They walked together to the stable, where Neil himself rubbed down his horse, saw that she had a modest drink, covered her up, and then turned, ready to accompany his host back to the house.
"Had a good time abroad--eh?" asked Malcolm with a somewhat covert glance at Neil as they walked.
Neil threw his head up with a joyous air.
"Ripping. It's a bit thick coming back to the grey silence of the glens. It's a white silence with us. We've heavy drifts from Balquhidder up. You're pretty free here."
"It's coming, though," said Malcolm, with an upward glance at the snell skies. "Come inside. The house is small, but it's easily warmed. That's one comfort."
When Neil had washed his hands and brushed his clothes they passed into the little snuggery, where Malcolm sat and smoked of an evening. He had made some little alteration in the arrangement of the house, and the room which the General had used as his library and sitting-room was now converted into a dining-room, which it had originally been. It was a man's house now, the few tokens of Isla's presence having long since disappeared.
Whether Malcolm was able to keep the peace between his two elderly and contentious servants nobody knew. Truth to tell, he never bothered his head about them, and many a storm rose and raged in the kitchen and was followed by many a dead and ominous calm, but of these he seemed to be totally unaware. He had none of those finer shades of feeling which had rendered Isla immediately conscious of any rift in the domestic lute.
Drummond stretched himself in the lounge-chair before the blazing peat with a sigh of content. He was in the mood to be at peace with the whole world and to give every man more than his due. It occurred to him as he looked at Malcolm, on whose face the full light from the window fell where he sat, that he had improved in looks of late. The coarseness had disappeared from his features, and there was an expression of refinement and delicacy which had been at one time wholly absent.

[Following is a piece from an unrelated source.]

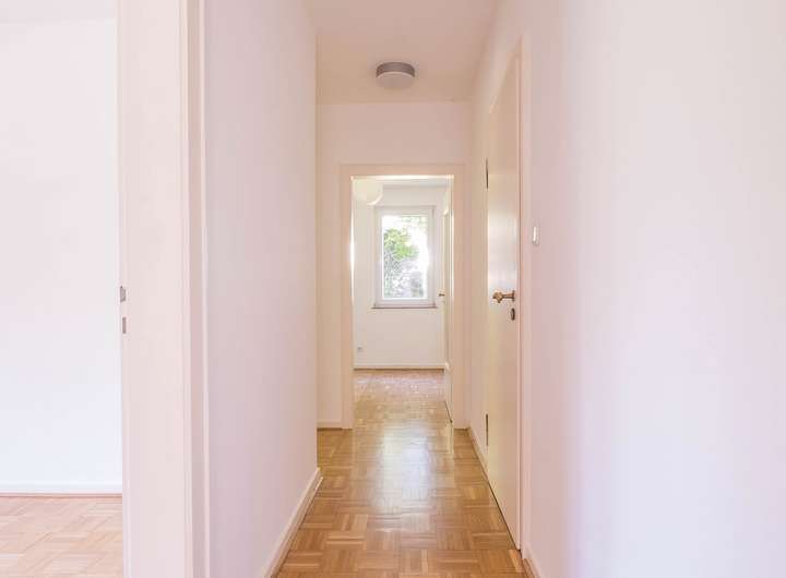 Von der Diele aus kommen Sie auch in den separaten Flur des Schlafbereichs. Zwei Zimmer, die ca. 18 m² groß sind und ein kleineres Arbeitszimmer von ca. 8 m² stellen zusammen mit dem Wannenbad und dem Duschbad den privaten Bereich des Hauses dar. Hier können Sie sich zurückziehen, Kraft tanken und sich vom Tag erholen. Es versteht sich von selbst, dass Sie hier entspannt bei offenem Fenster schlafen können und lediglich die Vögel Ihre Nachtruhe stören können.

It was such an improvement that Drummond decided that Mackinnon's looks had been underrated. The keen, hard, simple life, in conjunction with the pursuit of a certain lofty ideal, had wrought its saving grace in Malcolm Mackinnon, as it will in any man who gives it fair play.
"Surely you didn't stop away as long as you intended," said Malcolm as he lit up his pipe, while waiting for Diarmid's summons to eat.